チューセメント法というのは脂肪吸引の手術法の一つです。
使い機材はカニューレです。
カニューレとは金属製の管で脂肪を吸引するために利用します。
脂肪吸引する部位の目立たない場所を3~5mm切り開いてプロテクターを装着し、カニューレ挿入に備えて皮膚を保護します。
プロテクターで固定した皮膚の穴からカニューレを挿入して脂肪を吸引するわけなのですが、チューセメント法では脂肪を吸引しやすくするために局部麻酔と止血剤をブレンドして生理食塩水を混合いた液体を注入します。
多くの液体で満たされた脂肪の層は固まっていた脂肪がほぐれて浮かびますので、吸引がしやすくなるというメリットがあるのです。

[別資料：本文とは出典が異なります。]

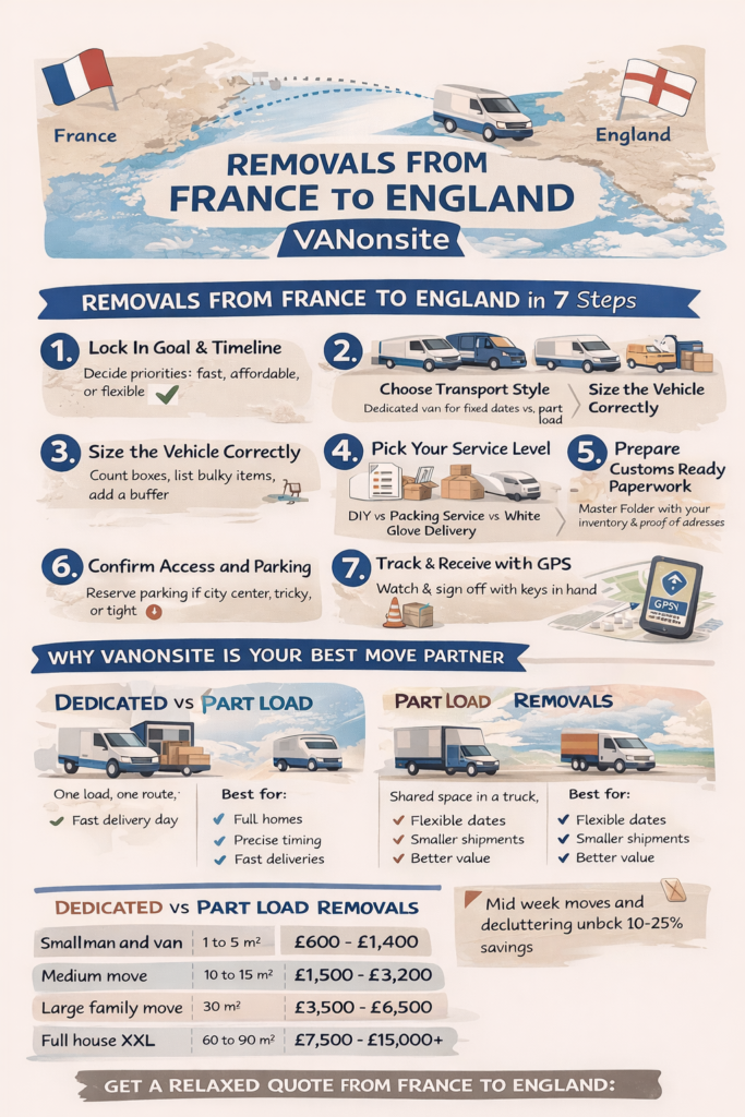 This guide covers paperwork after Brexit, cost drivers, transit times, and how to choose between dedicated transport and part load removals from France to England. If you are also planning the reverse route later, start here: https://vanonsite.com/removals-to-france/

また、止血剤を混合しているために手術後の患部の治癒速度が向上するというメリットもあります。
それだけではなく、通常の手術では脂肪の層と他の組織の層の隙間が少ないために他の組織、例えば神経や筋肉に傷をつけるリスクが高かったのですが、この方法が考え出されてから安全性が増したのです。
このような液体が大量に注入されたら患部がパンパンになって逆効果なのではないかとご心配かもしれませんが、皮膚は伸縮性があるため手術中に混合液を注入したからといって大きな問題が起きることがありませんので、ご安心ください。